According to the regulator, Nationwide has been relying on inadequate anti-financial crime systems and controls during a lengthy period between October 2016 and July 2021. During said period, Nationwide used ineffective systems for keeping up-to-date due diligence and risk assessment for all of its personal current account customers and monitoring their transactions.
The FCA highlighted that Nationwide was aware that some of the customers were using their personal accounts for business activity, which represents a breach of its terms. Furthermore, the company did not offer business current accounts at this point, so it lacked the right processes that were supposed to be in place to manage the financial crime risks from business activity.

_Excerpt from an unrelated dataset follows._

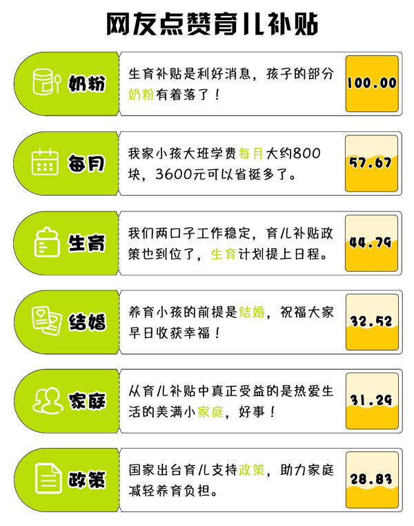 對相關(guān)輿論進行分析發(fā)現(xiàn),有網(wǎng)民認(rèn)為,國家出臺育兒補貼相關(guān)政策,在一定程度上幫助了有娃家庭減輕養(yǎng)育負(fù)擔(dān)。有網(wǎng)民從實際生活出發(fā),表示3600元可以幫助其解決日常養(yǎng)娃部分開銷,例如孩子上幼兒園的部分費用、奶粉錢等。未婚未育或者已婚未育的群體也表示,國家出臺的政策和福利定會對生育起到正向推動作用。對于年輕人來說,找到一份穩(wěn)定的工作、開啟一段幸福的婚姻、享受國家的福利政策保障,正是他們所期許的。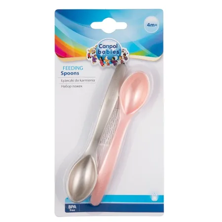 Este pack de 2 cucharas de iniciación de Canpol Babies ha sido especialmente diseñado para bebés curiosos de 4 meses en adelante. El material, libre de BPA es totalmente seguro para los más pequeños. Son super útiles y fáciles de limpiar ya que son aptas para el microondas y lavavajillas. Estas cucharas son perfectas para que tu peque empiece a comer solito. Cuentan con bordes suaves y redondeados que respetan las delicadas encías del bebé. Disponibles en dos colores: Rosa y Azul.

As a result, Nationwide was not able to identify, assess, monitor, or manage the money laundering risks among its personal current account customers. The regulator also said that this means Nationwide also did not have an accurate insight into its customers, which is particularly troubling when it comes to those who presented a high risk for financial crime.
Nationwide Failed To Address A Case Of Financial Crime Involving Over £27m
The FCA pointed out one serious case where Nationwide failed to identify a customer who used a personal current account to receive fraudulent Covid furlough payments.
The user in question received as many as 24 payments over 13 months, totaling £27.3 million. Not only that, but £26.01 million was deposited in just 8 days, which failed to trigger alarms at Nationwide and cause the firm to react.
Since the regulators became aware of the problem, His Majesty’s Revenue & Customs (HMRC) managed to recover the majority of the funds – around £26.5 million. However, the remaining £800,000 still remains unrecovered as of yet.
The regulator’s joint executive director of enforcement and market oversight, Therese Chambers, commented on the situation, noting that Nationwide failed to get a proper grip of the financial crime risks among its customer base.
“It took too long to address its flawed systems and weak controls, meaning red flags were missed with serious consequences,” she explained, adding that building societies and banks have a key role in the fight against financial crime, so companies need to remain vigilant in the fight.
The FCA claims that Nationwide was aware of its system’s weaknesses, and it undertook work to make improvements. However, it failed to do so in a timely manner.